Пускай самая короткая из поэм
О, закрой свои бледные ноги! {*} {8}
{* Сравни обещанную немцами "Nordlicht" [северный свет (нем.)]
сверхкосмика - ? - Теодора Деблера толщиной в две Илиады (30 000 стихов)
{9}.}
навеяна стихами Малларме -
О la berceuse avec ta fille et l'innocence
De vos pieds froids - {10}
дымка раздражения, которая вокруг нее скопилась, заставляет думать, что
в жасминовом тирсе было, пожалуй, и немного крапивы.
Современная менада уже совсем не та, конечно, что была пятнадцать лет
назад.
Вячеслав Иванов обучил ее по-гречески. И он же указал этой, более
мистической, чем страстной, гиперборейке пределы ее вакхизма.
Бурно ринулась Менада
Словно лань,
Словно лань, -
С сердцем, вспугнутым из персей,
Словно лань,
Словно лань, -
С сердцем, бьющимся, как сокол
Во плену,
Во плену, -
С сердцем яростным, как солнце
Поутру,
Поутру, -
С сердцем жертвенным, как солнце
Ввечеру,
Ввечеру... {11}
Эти победные кретики {12} четных строк, которые мало-помалу ослабевают
в анапесты (во плену, поутру, ввечеру) - поистине великолепны. И "Вакханку"

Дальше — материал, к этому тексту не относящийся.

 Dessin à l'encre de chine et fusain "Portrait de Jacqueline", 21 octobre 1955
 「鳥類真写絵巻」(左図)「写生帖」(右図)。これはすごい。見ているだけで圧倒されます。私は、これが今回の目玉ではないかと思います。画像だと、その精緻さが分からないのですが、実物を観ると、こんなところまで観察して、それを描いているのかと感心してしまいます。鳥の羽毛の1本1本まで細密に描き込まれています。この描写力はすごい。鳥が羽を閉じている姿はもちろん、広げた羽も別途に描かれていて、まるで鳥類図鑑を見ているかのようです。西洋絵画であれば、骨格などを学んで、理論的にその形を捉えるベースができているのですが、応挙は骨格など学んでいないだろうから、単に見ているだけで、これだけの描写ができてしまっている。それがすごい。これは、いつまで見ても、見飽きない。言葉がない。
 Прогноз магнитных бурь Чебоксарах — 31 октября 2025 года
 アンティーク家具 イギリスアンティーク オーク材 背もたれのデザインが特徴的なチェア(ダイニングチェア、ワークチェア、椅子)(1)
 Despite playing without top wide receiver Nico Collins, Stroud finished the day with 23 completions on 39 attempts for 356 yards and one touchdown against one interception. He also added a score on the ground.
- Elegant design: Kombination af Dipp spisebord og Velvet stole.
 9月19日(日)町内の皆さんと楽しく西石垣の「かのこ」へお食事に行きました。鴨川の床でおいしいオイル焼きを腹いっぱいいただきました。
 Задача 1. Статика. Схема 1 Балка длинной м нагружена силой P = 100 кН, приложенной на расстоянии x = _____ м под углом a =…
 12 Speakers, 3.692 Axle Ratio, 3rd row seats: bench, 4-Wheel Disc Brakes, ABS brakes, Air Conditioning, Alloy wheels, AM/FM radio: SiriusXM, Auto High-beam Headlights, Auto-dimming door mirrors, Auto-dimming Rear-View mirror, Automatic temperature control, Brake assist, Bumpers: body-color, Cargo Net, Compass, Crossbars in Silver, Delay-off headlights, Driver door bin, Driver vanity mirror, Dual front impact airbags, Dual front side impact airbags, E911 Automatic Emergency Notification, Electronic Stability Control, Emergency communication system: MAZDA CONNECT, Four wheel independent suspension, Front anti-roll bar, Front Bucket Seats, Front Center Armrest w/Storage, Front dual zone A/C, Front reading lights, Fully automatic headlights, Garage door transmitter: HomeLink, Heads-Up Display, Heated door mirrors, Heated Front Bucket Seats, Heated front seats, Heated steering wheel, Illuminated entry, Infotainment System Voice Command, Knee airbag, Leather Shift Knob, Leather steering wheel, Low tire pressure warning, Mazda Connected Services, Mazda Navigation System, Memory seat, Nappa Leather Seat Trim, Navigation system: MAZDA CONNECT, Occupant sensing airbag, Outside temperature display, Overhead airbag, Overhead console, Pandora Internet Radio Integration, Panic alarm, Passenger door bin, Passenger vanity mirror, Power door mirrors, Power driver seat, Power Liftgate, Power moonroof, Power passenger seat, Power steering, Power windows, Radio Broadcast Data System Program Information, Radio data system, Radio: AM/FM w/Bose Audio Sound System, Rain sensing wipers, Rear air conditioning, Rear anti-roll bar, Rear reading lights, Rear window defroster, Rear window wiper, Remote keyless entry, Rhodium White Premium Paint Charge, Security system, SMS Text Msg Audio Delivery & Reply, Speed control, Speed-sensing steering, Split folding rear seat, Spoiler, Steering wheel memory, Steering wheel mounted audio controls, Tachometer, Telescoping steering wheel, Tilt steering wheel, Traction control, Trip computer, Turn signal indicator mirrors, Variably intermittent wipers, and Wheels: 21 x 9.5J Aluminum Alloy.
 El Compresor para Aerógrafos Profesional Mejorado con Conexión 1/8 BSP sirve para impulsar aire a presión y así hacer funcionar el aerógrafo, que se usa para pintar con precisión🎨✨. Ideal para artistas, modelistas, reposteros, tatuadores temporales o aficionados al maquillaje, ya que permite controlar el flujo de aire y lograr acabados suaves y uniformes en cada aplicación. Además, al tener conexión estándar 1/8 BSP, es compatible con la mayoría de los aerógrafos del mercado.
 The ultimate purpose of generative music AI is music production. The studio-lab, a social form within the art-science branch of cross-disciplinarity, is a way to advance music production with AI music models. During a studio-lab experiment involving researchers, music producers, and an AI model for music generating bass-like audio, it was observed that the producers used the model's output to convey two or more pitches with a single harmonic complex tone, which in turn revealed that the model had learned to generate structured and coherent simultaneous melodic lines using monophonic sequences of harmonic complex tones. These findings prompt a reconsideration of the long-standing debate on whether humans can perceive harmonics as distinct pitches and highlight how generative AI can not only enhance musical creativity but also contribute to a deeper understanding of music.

охотно декламируют в наши дни с подмостков.
А кто не оценит литературной красоты и даже значительности
заключительных строк новой оды с ее изумительным, ее единственным на русском
языке не окончанием, а затиханием, даже более - западанием звуков и
символов:
Так и ты, встречая бога,
Сердце, стань,
Сердце, стань.
У последнего порога
Сердце, стань,
Сердце, стань.
Жертва, пей из чаши мирной
Тишину,
Тишину...
Смесь вина с глухою смирной
Тишину,
Тишину...
Вам, конечно, чудится здесь символ сознанных сил и власти над
настроением. Но мне - бог знает почему - жалко той наспех обученной ритуалу
и неискусной в самом экстазе менады, про которую когда-то уверяли, что она
видит
Фиолетовые руки
На эмалевой стене {13}.
Эти годы давно канули в вечность, и мы уже не умеем быть дерзкими. В
самом вызове мы стали или равнодушны, или педантичны.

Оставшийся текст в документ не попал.